### RECORDS PROVIDED
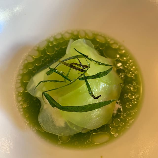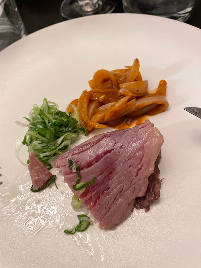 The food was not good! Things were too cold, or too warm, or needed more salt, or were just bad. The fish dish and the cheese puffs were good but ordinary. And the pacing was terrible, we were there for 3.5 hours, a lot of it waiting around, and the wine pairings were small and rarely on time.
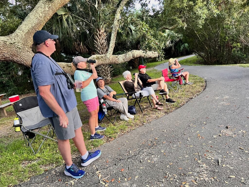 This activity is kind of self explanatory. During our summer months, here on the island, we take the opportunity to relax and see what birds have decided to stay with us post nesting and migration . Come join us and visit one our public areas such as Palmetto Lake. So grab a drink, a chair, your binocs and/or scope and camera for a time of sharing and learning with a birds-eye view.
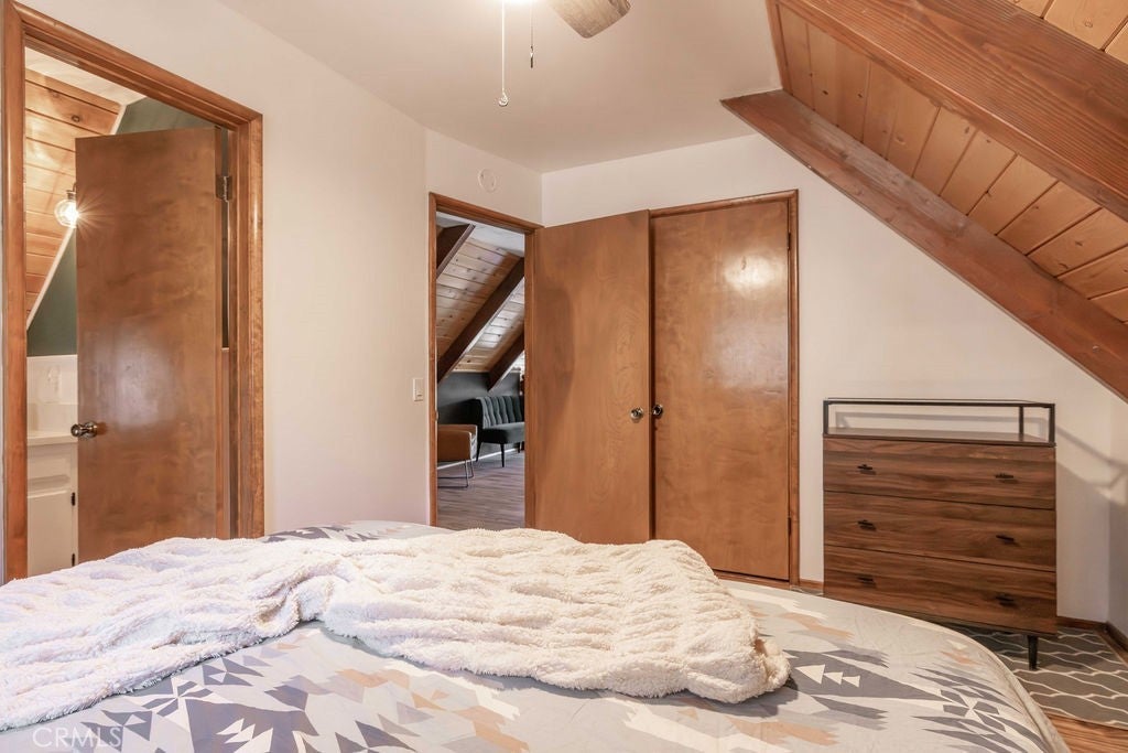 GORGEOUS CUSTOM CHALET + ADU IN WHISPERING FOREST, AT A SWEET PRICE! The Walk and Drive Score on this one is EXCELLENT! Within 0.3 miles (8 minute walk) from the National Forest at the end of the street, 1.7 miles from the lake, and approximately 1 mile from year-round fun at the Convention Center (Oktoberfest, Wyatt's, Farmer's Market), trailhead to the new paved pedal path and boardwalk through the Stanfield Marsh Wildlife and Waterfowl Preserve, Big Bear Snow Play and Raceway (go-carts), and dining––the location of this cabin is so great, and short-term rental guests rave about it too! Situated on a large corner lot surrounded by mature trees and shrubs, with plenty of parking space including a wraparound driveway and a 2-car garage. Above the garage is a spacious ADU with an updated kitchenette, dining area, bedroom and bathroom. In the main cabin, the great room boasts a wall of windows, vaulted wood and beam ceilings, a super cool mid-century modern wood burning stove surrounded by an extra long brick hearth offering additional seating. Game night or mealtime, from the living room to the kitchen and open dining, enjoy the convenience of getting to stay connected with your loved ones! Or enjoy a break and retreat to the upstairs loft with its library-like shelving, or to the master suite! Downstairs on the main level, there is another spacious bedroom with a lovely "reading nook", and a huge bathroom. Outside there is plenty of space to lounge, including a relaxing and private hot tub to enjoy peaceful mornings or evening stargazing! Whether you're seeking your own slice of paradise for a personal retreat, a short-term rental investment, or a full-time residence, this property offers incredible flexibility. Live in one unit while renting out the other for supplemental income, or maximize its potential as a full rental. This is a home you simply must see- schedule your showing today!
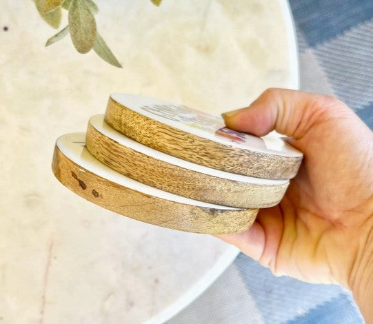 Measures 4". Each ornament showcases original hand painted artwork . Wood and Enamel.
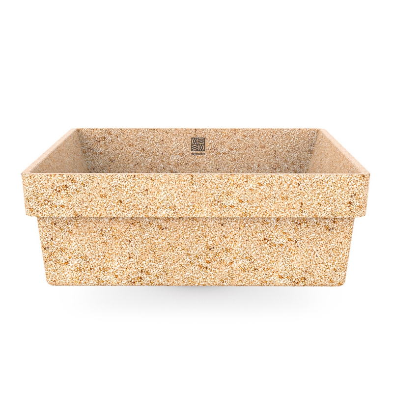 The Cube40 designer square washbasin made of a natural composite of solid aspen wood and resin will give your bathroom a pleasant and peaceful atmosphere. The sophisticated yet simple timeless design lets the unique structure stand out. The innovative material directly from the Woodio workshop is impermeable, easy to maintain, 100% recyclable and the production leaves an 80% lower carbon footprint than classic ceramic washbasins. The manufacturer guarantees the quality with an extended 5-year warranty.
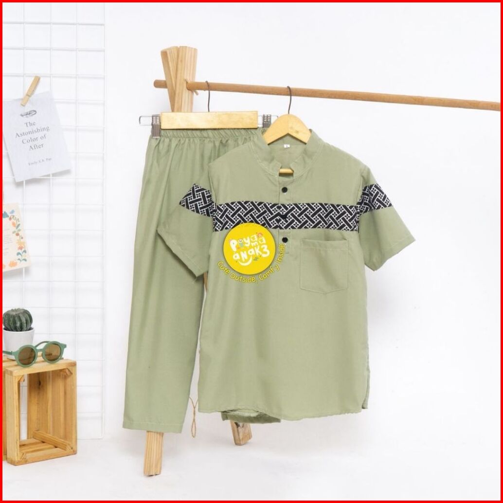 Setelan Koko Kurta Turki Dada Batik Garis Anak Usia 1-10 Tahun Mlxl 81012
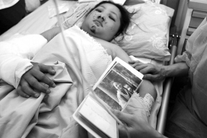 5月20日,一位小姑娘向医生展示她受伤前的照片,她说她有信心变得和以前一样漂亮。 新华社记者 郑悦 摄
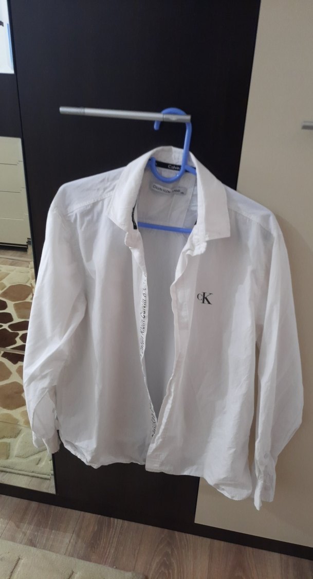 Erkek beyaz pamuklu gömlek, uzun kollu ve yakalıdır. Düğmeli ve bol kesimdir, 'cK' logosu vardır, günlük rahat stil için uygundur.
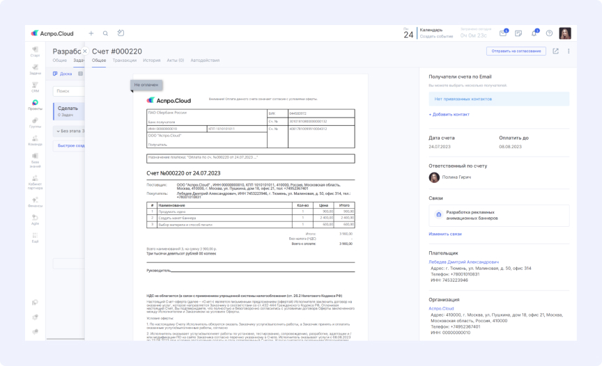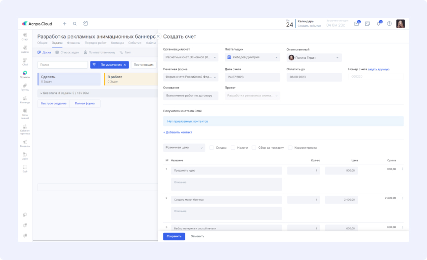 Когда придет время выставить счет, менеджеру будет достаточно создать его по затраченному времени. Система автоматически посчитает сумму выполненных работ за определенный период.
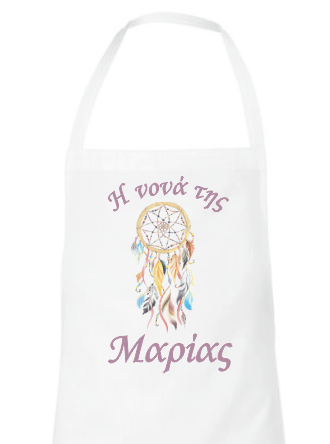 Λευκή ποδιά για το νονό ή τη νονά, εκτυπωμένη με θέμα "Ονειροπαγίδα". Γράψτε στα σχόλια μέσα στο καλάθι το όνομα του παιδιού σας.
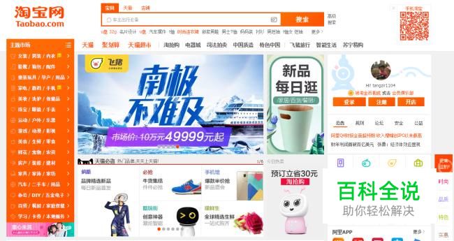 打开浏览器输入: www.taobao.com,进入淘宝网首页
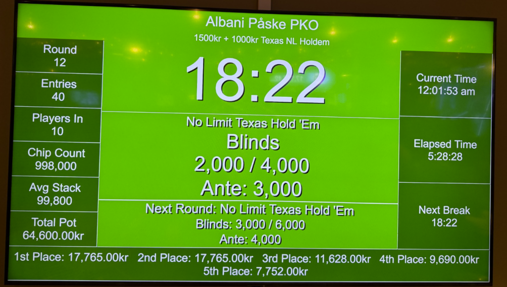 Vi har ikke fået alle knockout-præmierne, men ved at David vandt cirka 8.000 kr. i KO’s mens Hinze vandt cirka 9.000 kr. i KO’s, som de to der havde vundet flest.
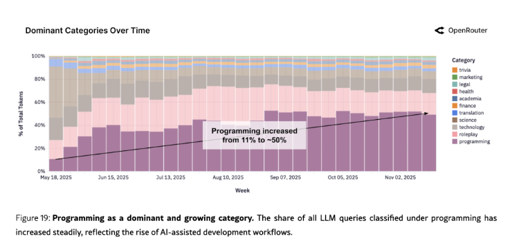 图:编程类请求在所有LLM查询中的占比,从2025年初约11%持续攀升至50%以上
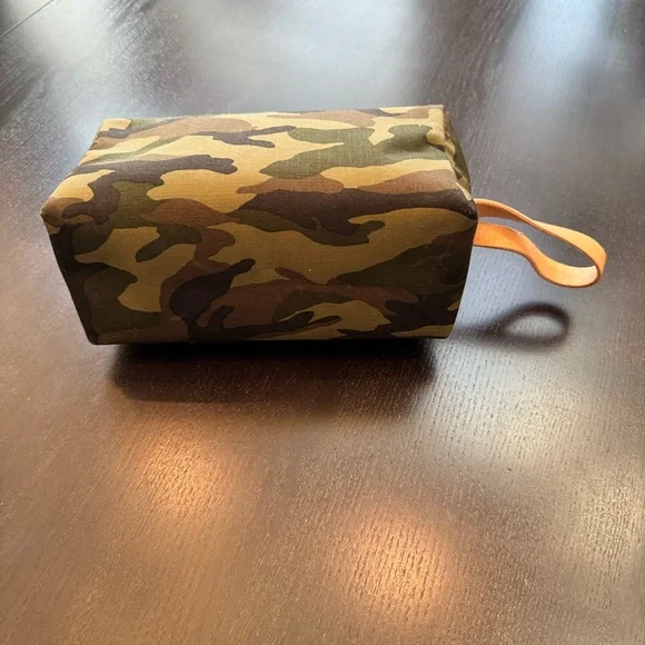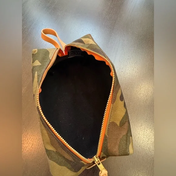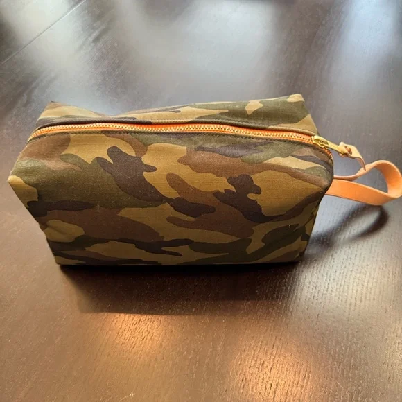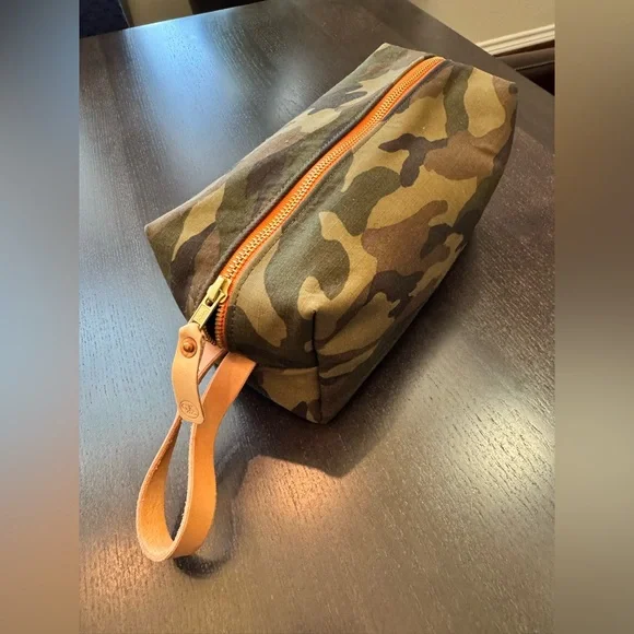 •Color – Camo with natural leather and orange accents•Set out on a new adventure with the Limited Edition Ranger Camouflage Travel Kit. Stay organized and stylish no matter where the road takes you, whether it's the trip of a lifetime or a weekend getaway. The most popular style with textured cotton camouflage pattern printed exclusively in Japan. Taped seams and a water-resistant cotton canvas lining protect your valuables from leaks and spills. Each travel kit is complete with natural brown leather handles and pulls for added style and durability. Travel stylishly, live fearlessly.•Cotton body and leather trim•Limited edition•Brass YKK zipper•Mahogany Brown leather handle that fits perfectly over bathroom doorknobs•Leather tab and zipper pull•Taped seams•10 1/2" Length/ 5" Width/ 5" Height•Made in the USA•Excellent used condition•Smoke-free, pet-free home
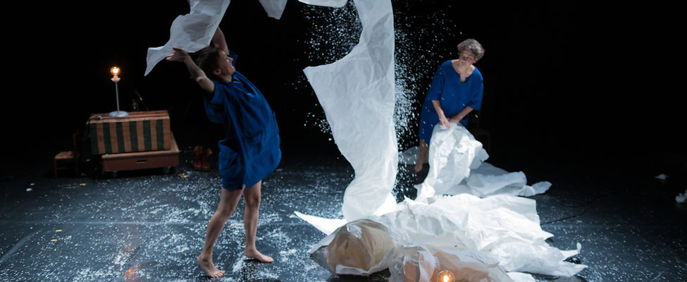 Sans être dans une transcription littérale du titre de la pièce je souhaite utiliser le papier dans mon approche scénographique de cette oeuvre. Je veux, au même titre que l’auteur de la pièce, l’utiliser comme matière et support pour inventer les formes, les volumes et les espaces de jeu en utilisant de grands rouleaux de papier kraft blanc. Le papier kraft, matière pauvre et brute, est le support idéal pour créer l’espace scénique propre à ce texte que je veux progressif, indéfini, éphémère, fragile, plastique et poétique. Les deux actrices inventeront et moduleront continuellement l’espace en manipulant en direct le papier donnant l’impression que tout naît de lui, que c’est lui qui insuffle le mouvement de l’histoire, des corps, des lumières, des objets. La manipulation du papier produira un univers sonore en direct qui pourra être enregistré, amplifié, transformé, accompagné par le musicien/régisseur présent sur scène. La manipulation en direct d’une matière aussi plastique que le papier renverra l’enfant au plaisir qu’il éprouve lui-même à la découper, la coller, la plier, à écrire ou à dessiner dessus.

### WORK TASK
The entries above need to be output again in full, exactly, and without pictures.

### TASK RESPONSE
 The food was not good! Things were too cold, or too warm, or needed more salt, or were just bad. The fish dish and the cheese puffs were good but ordinary. And the pacing was terrible, we were there for 3.5 hours, a lot of it waiting around, and the wine pairings were small and rarely on time.
 This activity is kind of self explanatory. During our summer months, here on the island, we take the opportunity to relax and see what birds have decided to stay with us post nesting and migration . Come join us and visit one our public areas such as Palmetto Lake. So grab a drink, a chair, your binocs and/or scope and camera for a time of sharing and learning with a birds-eye view.
 GORGEOUS CUSTOM CHALET + ADU IN WHISPERING FOREST, AT A SWEET PRICE! The Walk and Drive Score on this one is EXCELLENT! Within 0.3 miles (8 minute walk) from the National Forest at the end of the street, 1.7 miles from the lake, and approximately 1 mile from year-round fun at the Convention Center (Oktoberfest, Wyatt's, Farmer's Market), trailhead to the new paved pedal path and boardwalk through the Stanfield Marsh Wildlife and Waterfowl Preserve, Big Bear Snow Play and Raceway (go-carts), and dining––the location of this cabin is so great, and short-term rental guests rave about it too! Situated on a large corner lot surrounded by mature trees and shrubs, with plenty of parking space including a wraparound driveway and a 2-car garage. Above the garage is a spacious ADU with an updated kitchenette, dining area, bedroom and bathroom. In the main cabin, the great room boasts a wall of windows, vaulted wood and beam ceilings, a super cool mid-century modern wood burning stove surrounded by an extra long brick hearth offering additional seating. Game night or mealtime, from the living room to the kitchen and open dining, enjoy the convenience of getting to stay connected with your loved ones! Or enjoy a break and retreat to the upstairs loft with its library-like shelving, or to the master suite! Downstairs on the main level, there is another spacious bedroom with a lovely "reading nook", and a huge bathroom. Outside there is plenty of space to lounge, including a relaxing and private hot tub to enjoy peaceful mornings or evening stargazing! Whether you're seeking your own slice of paradise for a personal retreat, a short-term rental investment, or a full-time residence, this property offers incredible flexibility. Live in one unit while renting out the other for supplemental income, or maximize its potential as a full rental. This is a home you simply must see- schedule your showing today!
 Measures 4". Each ornament showcases original hand painted artwork . Wood and Enamel.
 The Cube40 designer square washbasin made of a natural composite of solid aspen wood and resin will give your bathroom a pleasant and peaceful atmosphere. The sophisticated yet simple timeless design lets the unique structure stand out. The innovative material directly from the Woodio workshop is impermeable, easy to maintain, 100% recyclable and the production leaves an 80% lower carbon footprint than classic ceramic washbasins. The manufacturer guarantees the quality with an extended 5-year warranty.
 Setelan Koko Kurta Turki Dada Batik Garis Anak Usia 1-10 Tahun Mlxl 81012
 5月20日,一位小姑娘向医生展示她受伤前的照片,她说她有信心变得和以前一样漂亮。 新华社记者 郑悦 摄
 Erkek beyaz pamuklu gömlek, uzun kollu ve yakalıdır. Düğmeli ve bol kesimdir, 'cK' logosu vardır, günlük rahat stil için uygundur.
 Когда придет время выставить счет, менеджеру будет достаточно создать его по затраченному времени. Система автоматически посчитает сумму выполненных работ за определенный период.
 Λευκή ποδιά για το νονό ή τη νονά, εκτυπωμένη με θέμα "Ονειροπαγίδα". Γράψτε στα σχόλια μέσα στο καλάθι το όνομα του παιδιού σας.
 打开浏览器输入: www.taobao.com,进入淘宝网首页
 Vi har ikke fået alle knockout-præmierne, men ved at David vandt cirka 8.000 kr. i KO’s mens Hinze vandt cirka 9.000 kr. i KO’s, som de to der havde vundet flest.
 图:编程类请求在所有LLM查询中的占比,从2025年初约11%持续攀升至50%以上
 •Color – Camo with natural leather and orange accents•Set out on a new adventure with the Limited Edition Ranger Camouflage Travel Kit. Stay organized and stylish no matter where the road takes you, whether it's the trip of a lifetime or a weekend getaway. The most popular style with textured cotton camouflage pattern printed exclusively in Japan. Taped seams and a water-resistant cotton canvas lining protect your valuables from leaks and spills. Each travel kit is complete with natural brown leather handles and pulls for added style and durability. Travel stylishly, live fearlessly.•Cotton body and leather trim•Limited edition•Brass YKK zipper•Mahogany Brown leather handle that fits perfectly over bathroom doorknobs•Leather tab and zipper pull•Taped seams•10 1/2" Length/ 5" Width/ 5" Height•Made in the USA•Excellent used condition•Smoke-free, pet-free home
 Sans être dans une transcription littérale du titre de la pièce je souhaite utiliser le papier dans mon approche scénographique de cette oeuvre. Je veux, au même titre que l’auteur de la pièce, l’utiliser comme matière et support pour inventer les formes, les volumes et les espaces de jeu en utilisant de grands rouleaux de papier kraft blanc. Le papier kraft, matière pauvre et brute, est le support idéal pour créer l’espace scénique propre à ce texte que je veux progressif, indéfini, éphémère, fragile, plastique et poétique. Les deux actrices inventeront et moduleront continuellement l’espace en manipulant en direct le papier donnant l’impression que tout naît de lui, que c’est lui qui insuffle le mouvement de l’histoire, des corps, des lumières, des objets. La manipulation du papier produira un univers sonore en direct qui pourra être enregistré, amplifié, transformé, accompagné par le musicien/régisseur présent sur scène. La manipulation en direct d’une matière aussi plastique que le papier renverra l’enfant au plaisir qu’il éprouve lui-même à la découper, la coller, la plier, à écrire ou à dessiner dessus.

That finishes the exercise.